This is a subject that is very close to my heart. As well as founding an ophthalmology provider, I’m also an NHS ophthalmology patient – I was diagnosed with keratoconus about 20 years ago.

It was the case 16 years ago, and it is still the case in 2023, that in England, we have avoidable sight loss. Patients are losing their sight because there’s not enough capacity to see them in time. Many organisations have flagged this over the years, whether it’s the Royal National Institute of Blind People, the Royal College of Ophthalmologists, or the AOP.

The Health Service Journal has reported that delayed follow ups are increasing risks and causing harm for ophthalmology patients in some parts of the country.

As a patient myself, I founded Newmedica to change the way that eye care is delivered. When we see this sort of thing happening, there’s a clear need for more capacity to see ophthalmology patients. One of our core redesign principles, when we look at services, is to see how we harness the skills of optometrists to work with ophthalmologists to increase capacity.

We do that within our own clinics, where we bring optometrists in to deliver part of the care. But we also have shared care schemes with community optometrists. Putting all of that together helps to increase capacity, see more patients, and aims to minimise cases where patients needlessly lose their sight.

It’s really important to bring down those waiting times. Remember the 7.6 million patients, across all conditions, are those who are either newly referred or waiting for surgery. That number doesn't include patients who are waiting for follow-up.
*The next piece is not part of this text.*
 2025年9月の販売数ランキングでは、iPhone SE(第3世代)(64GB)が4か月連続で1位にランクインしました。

So, if you’re a glaucoma patient, and your six-month follow-up has been delayed, you do not feature in that 7.6 million. That is on top, and it’s not particularly well measured.
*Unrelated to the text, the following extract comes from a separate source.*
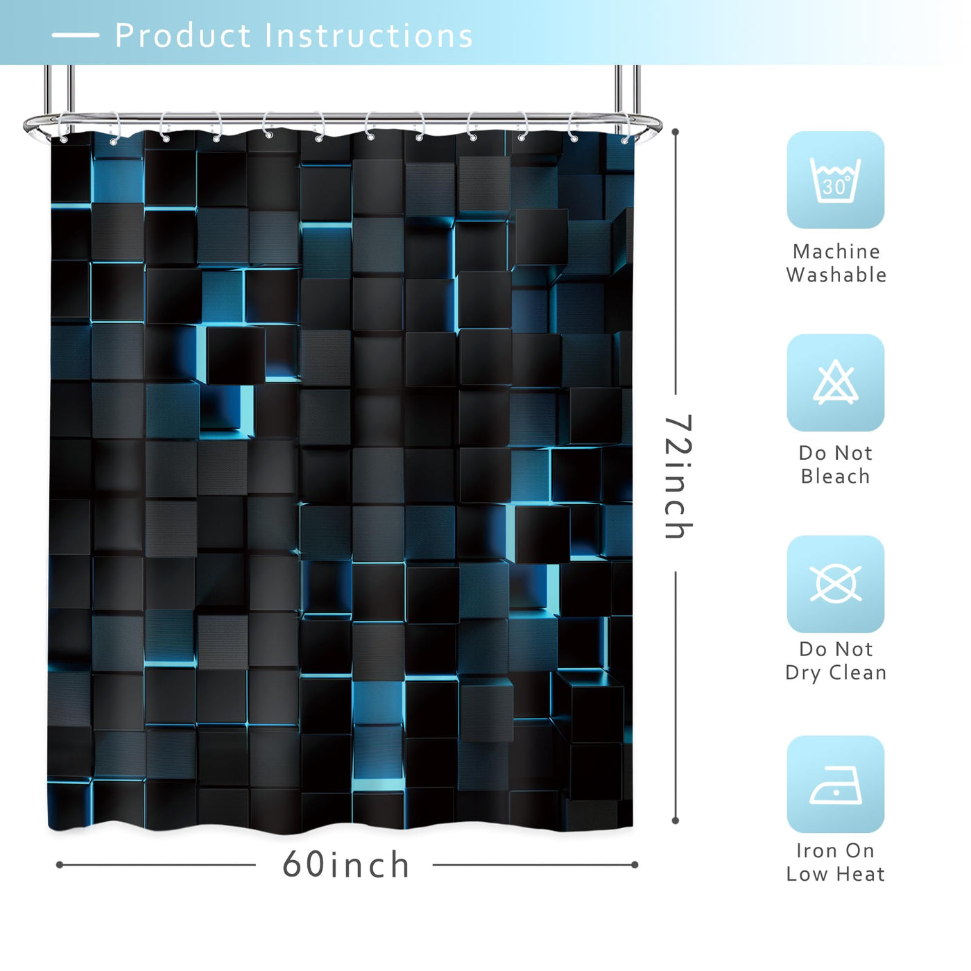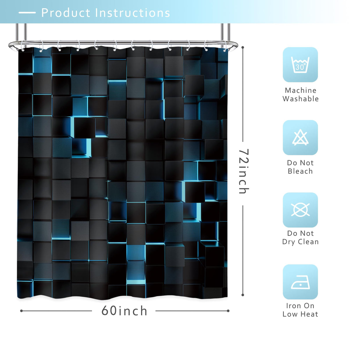 Riyidecor Black Navy Blue Wall Shower Curtain 60Wx72H Inch Abstract Brick Modern 3D Gradient Design Futuristic Cubes Geometric P

There’s a clear need for more capacity to see ophthalmology patients

 

How important is the role of the optometrist in carrying out post-operative checks?

When I started Newmedica, there were about 1500 consultant ophthalmologists in the country and 20,000 optometrists.

Optometrists are trained to examine the eye, to pick up clinical conditions, to do tests and to use microscopes to look inside the eye. So, you have a highly skilled workforce, which has been trained to do many of the things that are needed for different parts of different pathways. It’s not just post-op checks: it’s glaucoma detection, it’s glaucoma monitoring, it’s potentially acute macular degeneration – a full range of eye conditions. Providers within each of those pathways can employ optometrists, whether in an ophthalmology clinic or in their practice, to deliver part of their care.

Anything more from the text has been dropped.